**What this task involves**
Write the data out again, character for character, with no images.

**Data shown**
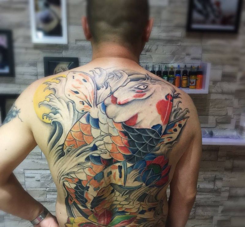 满背鲤鱼纹身图片_成品颈部肩部腰部背部传统动物纹身图案
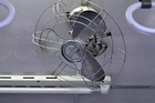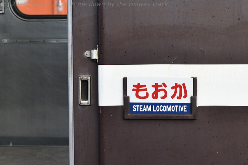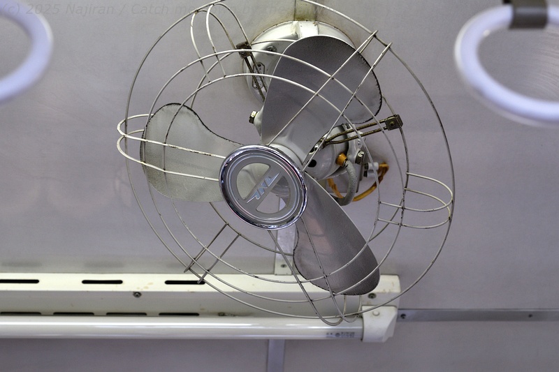 客車は3両連結されていますが、この列車で乗車できるのは下館寄りの3号車(オハフ50 33)だけです。 この日の車内は思っていたより混んでいて、ドアに近いロングシートの空席に座りました。 車両の座席数(67)と同じくらいの人が乗車していたと思います。 乗客が多かったので車内の写真は撮らずに、真岡まで汽笛の音を聞きながら景色を眺めて過ごしました。 1枚だけ撮ったのは天井に取り付けられた扇風機の写真です。 50系客車には冷房設備はなく、往時のままのJNRのマークが入った扇風機が取り付けられています。
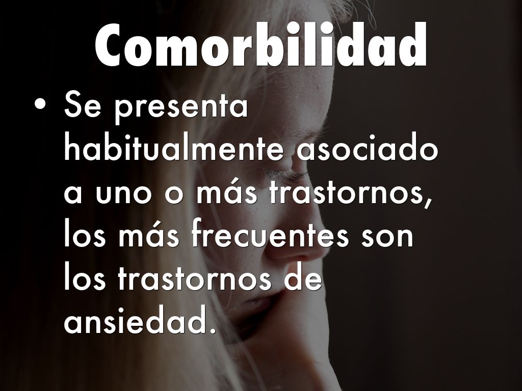 Se presenta habitualmente asociado a uno o más trastornos, los más frecuentes son los trastornos de ansiedad.
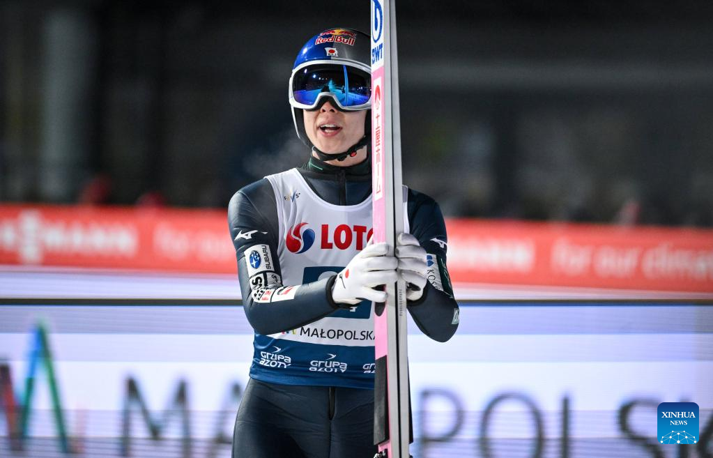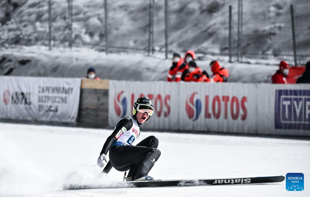 Pawel Wasek of Poland reacts during the men's large hill team competition at the ski jumping World Cup in Zakopane, Poland, Jan. 15, 2022. (Photo by Rafal Oleksiewicz/Xinhua)
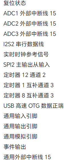 复用功能:将引脚配置为某个外设的备用功能,如UART、SPI或I2C等。(一个引脚可够配置多个功能,但只能同时选择一个功能)
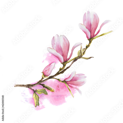 Fototapeta premium Magnolia flower bough Watercolor Hand drawn Illustration isolated on white background with pink stains
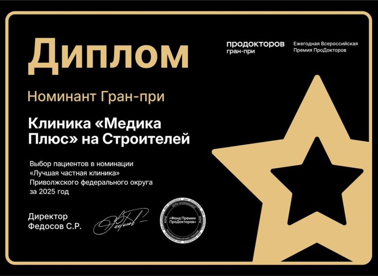 Клиника «Медика Плюс» стала номинантом Гран-при Премии ПроДокторов 2025 в категории «Лучшая частная клиника Приволжского федерального округа — выбор пациентов».
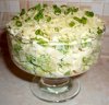 Зеленый лук мелко порезать и выложить на салатные листья. Размять вилкой консервированную рыбу, выложить следующим слоем.
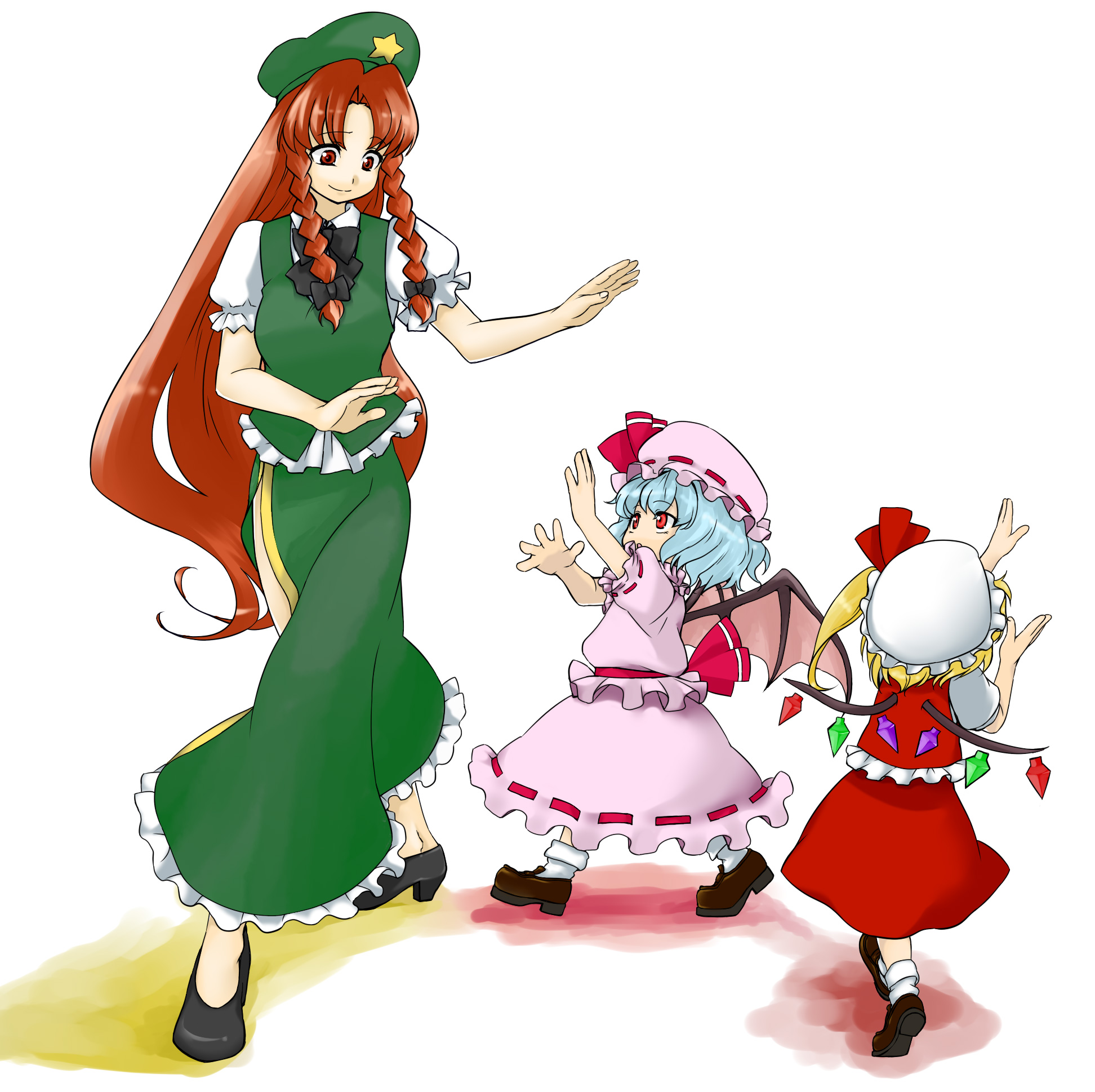 suiren (mystia6b), aki minoriko, aki shizuha, mystia lorelei, touhou, 3girls, animal ears, blonde hair, brown eyes, closed eyes, dress, female focus, food, fruit, grapes, hair ornament, hat, leaf, leaf hair ornament, maple leaf, multiple girls, pink hair, short hair, simple background, white background, wings, yellow eyes
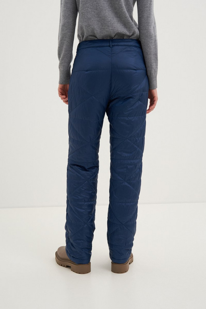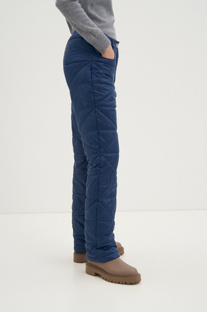Зимние женские брюки на легком утеплителе. Основной материал — плотная плащевая ткань с легкими водоотталкивающими свойствами. Подкладка выполнена из мягкого износостойкого полиэстера. В качестве наполнителя используется синтепон, который хорошо сохраняет тепло, не деформируется и не промокает. Модель прямого кроя с карманами и мягким поясом со шлевками. Застежка на молнию и пуговицу. Допустима бережная стирка в машине.
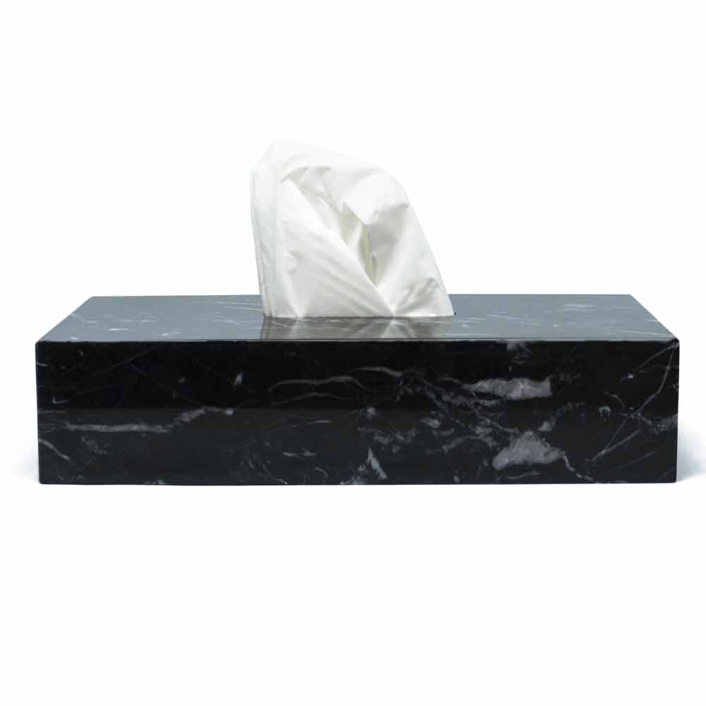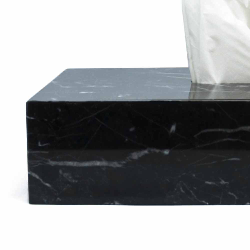 Praktická nádoba na držák na tkáň, která je k dispozici v obdélníkové verzi, je zcela vyrobena z černého mramoru Marquinia ručně vyráběná specializovanými odborníky. Jedná se o jedinečný kus, protože každý použitý blok mramoru se liší od ostatních, pokud jde o žíly a odstíny.

**Task solution**
 满背鲤鱼纹身图片_成品颈部肩部腰部背部传统动物纹身图案
 客車は3両連結されていますが、この列車で乗車できるのは下館寄りの3号車(オハフ50 33)だけです。 この日の車内は思っていたより混んでいて、ドアに近いロングシートの空席に座りました。 車両の座席数(67)と同じくらいの人が乗車していたと思います。 乗客が多かったので車内の写真は撮らずに、真岡まで汽笛の音を聞きながら景色を眺めて過ごしました。 1枚だけ撮ったのは天井に取り付けられた扇風機の写真です。 50系客車には冷房設備はなく、往時のままのJNRのマークが入った扇風機が取り付けられています。
 Se presenta habitualmente asociado a uno o más trastornos, los más frecuentes son los trastornos de ansiedad.
 Pawel Wasek of Poland reacts during the men's large hill team competition at the ski jumping World Cup in Zakopane, Poland, Jan. 15, 2022. (Photo by Rafal Oleksiewicz/Xinhua)
 复用功能:将引脚配置为某个外设的备用功能,如UART、SPI或I2C等。(一个引脚可够配置多个功能,但只能同时选择一个功能)
 Fototapeta premium Magnolia flower bough Watercolor Hand drawn Illustration isolated on white background with pink stains
 Клиника «Медика Плюс» стала номинантом Гран-при Премии ПроДокторов 2025 в категории «Лучшая частная клиника Приволжского федерального округа — выбор пациентов».
 Зеленый лук мелко порезать и выложить на салатные листья. Размять вилкой консервированную рыбу, выложить следующим слоем.
 suiren (mystia6b), aki minoriko, aki shizuha, mystia lorelei, touhou, 3girls, animal ears, blonde hair, brown eyes, closed eyes, dress, female focus, food, fruit, grapes, hair ornament, hat, leaf, leaf hair ornament, maple leaf, multiple girls, pink hair, short hair, simple background, white background, wings, yellow eyes
Зимние женские брюки на легком утеплителе. Основной материал — плотная плащевая ткань с легкими водоотталкивающими свойствами. Подкладка выполнена из мягкого износостойкого полиэстера. В качестве наполнителя используется синтепон, который хорошо сохраняет тепло, не деформируется и не промокает. Модель прямого кроя с карманами и мягким поясом со шлевками. Застежка на молнию и пуговицу. Допустима бережная стирка в машине.
 Praktická nádoba na držák na tkáň, která je k dispozici v obdélníkové verzi, je zcela vyrobena z černého mramoru Marquinia ručně vyráběná specializovanými odborníky. Jedná se o jedinečný kus, protože každý použitý blok mramoru se liší od ostatních, pokud jde o žíly a odstíny.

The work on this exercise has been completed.